Regulatory Publishing Specialist

The Regulatory Publishing Specialist is responsible for the formatting, publishing (PDF), eCTD compilation, review, and dispatch of regulatory submissions to Health Authorities within required timeframes for all Company applications. The Regulatory Publishing Specialist will work collaboratively with the Regulatory Affairs team along with project teams and other functional areas to ensure high quality submission content. This is an individual contributor position, reporting to the Sr. Manager of Regulatory Operations.

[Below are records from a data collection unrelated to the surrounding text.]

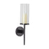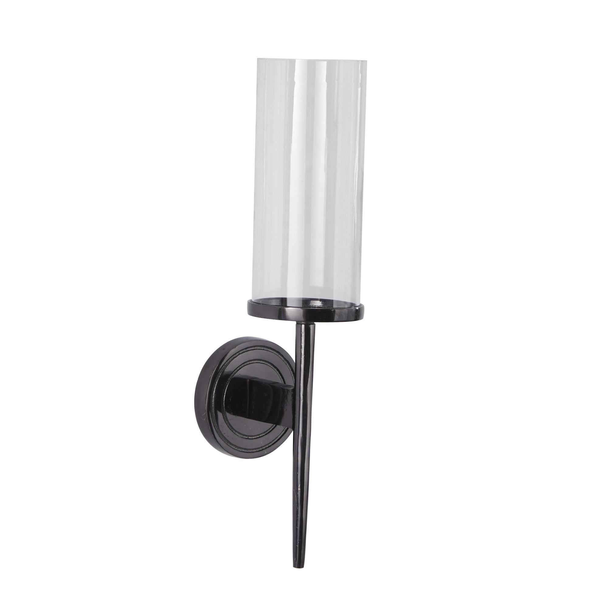 •The aluminum wall sconce showcases a tall glass holder with a pointed tail and a round wall mount for unique elegance
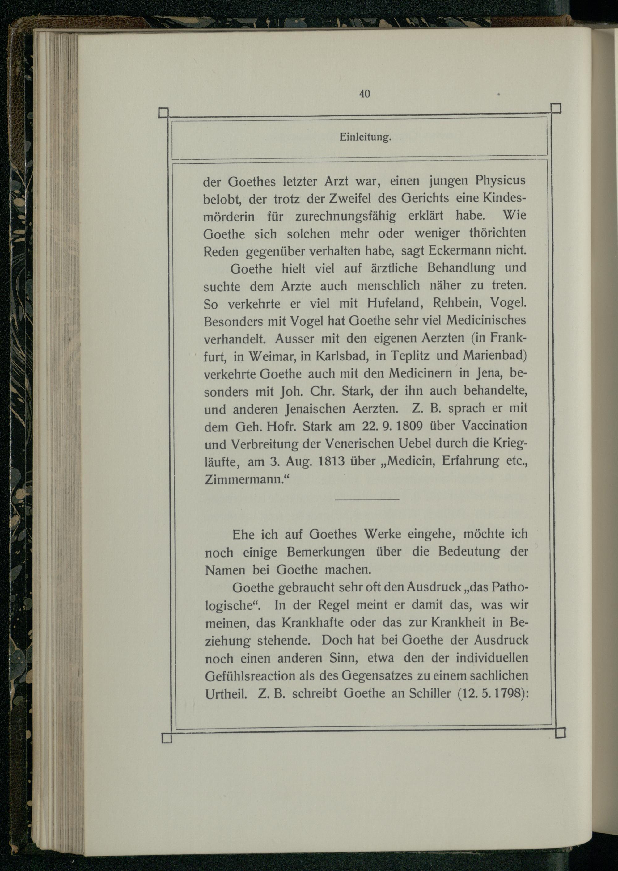 Goethe gebraucht sehr oft den Ausdruck„das Pathologische“. In der Regel meint er damit das, was wir meinen, das Krankhafte oder das zur Krankheit in Beziehung stehende. Doch hat bei Goethe der Ausdruck noch einen anderen Sinn, etwa den der individuellen Gefühlsreaction als des Gegensatzes zu einem sachlichen Urtheil. Z.B. schreibt Goethe an Schiller(12. 5. 1798):
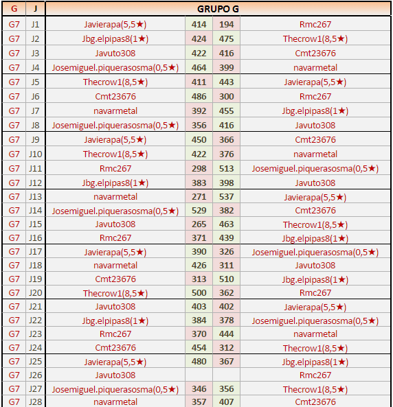 Deja un comentarioES OBLIGATORIO RESPETAR EL ORDEN LOCAL (IZQ) Y VISITANTE (DER), ASÍ COMO INDICAR EL GRUPO CORRESPONDIENTE Y LOS NÚMEROS DE JORNADA.
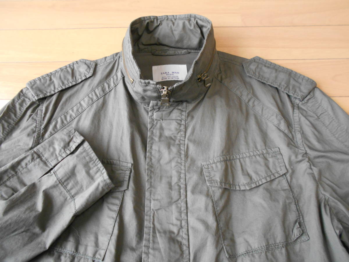 【特別価格】★ZARA MAN BASIC no.RN(USA)77302 スタンドカラーフルジップ ロールアップジャケット★カーキsizeUSA-L★
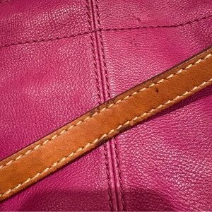 Vtg Fossil Magenta Hobo Double Strap Hobo Pebbled Leather Shoulder Crossbody Bag. Top zipper access. Short strap and long adjustable strap. Cotton lining with interior zipper pocket and slip pockets.
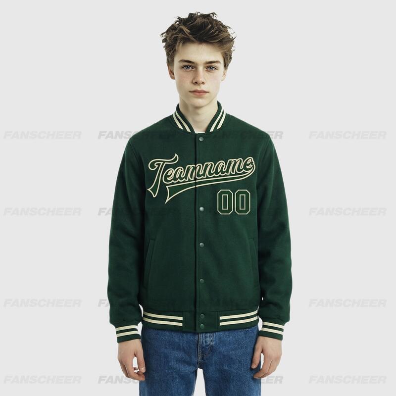 Custom Green Full-Snap Varsity Letterman Jacket – Ideal for College Club Events

• Performs the coordination and preparation of document packages for regulatory submissions for new and mature products to ensure alignment and compliance with local and regional registration requirements as well as with company policies.
• Manage the development and maintenance of a submission content plan, which includes a detailed list of all source submission content (documents, data, etc.) and tracks documents from authoring to approval, publishing, and QC.
• Publishes electronic submissions in Electronic Common Technical Document (eCTD) for FDA. This may include source document formatting, internal and external hyperlinking, and bookmarks and sequence-level publishing.
• Support optimization of publishing best practices and submission standards in accordance with regulatory requirements.
• Compiles all materials required in submissions, license renewal, and annual registrations.
• Prepare, publish, and submit regulatory dossiers to FDA.
• Keeps abreast of regulatory procedures and changes. May directly interact with regulatory agencies on defined matters.
• Responsible for the timely completion of assigned publishing tasks.
• Supports the implementation, maintenance, and continuous improvement of authoring and publishing systems and processes striving for publishing excellence.
• Provides training to new users on company templates, authoring software, and internal standards.
• Supports regulatory operations tasks that may not be related to publishing as approved or assigned by the Regulatory Operations lead.

• Bachelor’s Degree, preferably in a scientific field such as biochemistry or biology, or relevant experience may be substituted
• At least 5 years in a regulatory publishing function.
• Extensive experience with Microsoft Word and Starting Point templates to prepare technical documents.
• Understanding of publishing practices and related issues.
• Direct hands-on experience with the successful submission of eCTD dossiers.
• Previous GlobalSubmit and Veeva experience are required.
• Understanding of global submission requirements (paper standards, CD-ROM, etc.) is desired.
• Knowledge of CDISC (ADaM, SEND, SDTM).
• Understanding of publishing systems and IT system validation and testing practices.
• Experience with electronic document management systems.
• Demonstrated ability to be productive and successful in an intense work environment.
• Competencies:  Verbal and Written Communication skills, Proofreading, Editing, Interpersonal skills, Adaptability, Organizational skills, Prioritization and Project Management skills, Cross-Functional Team focus

Working Conditions

• Position may require periodic evening and weekend work, as necessary to fulfill obligations. Infrequent overnight travel may occur.
• This position is based in Xeris’ Chicago office and requires a minimum of three days per week in the office.

NOTE:  This job description is not intended to be all-inclusive. Employee may perform other related duties as negotiated to meet the ongoing needs of the organization.

As an equal employment opportunity and affirmative action employer, Xeris Pharmaceuticals, Inc. does not discriminate on the basis of race, color, religion, sex, gender identity, sexual orientation, national origin, age, disability, veteran status, genetics or any other characteristic protected by law.  It is our intention that all qualified applications are given equal opportunity and that selection decisions be based on job-related factors.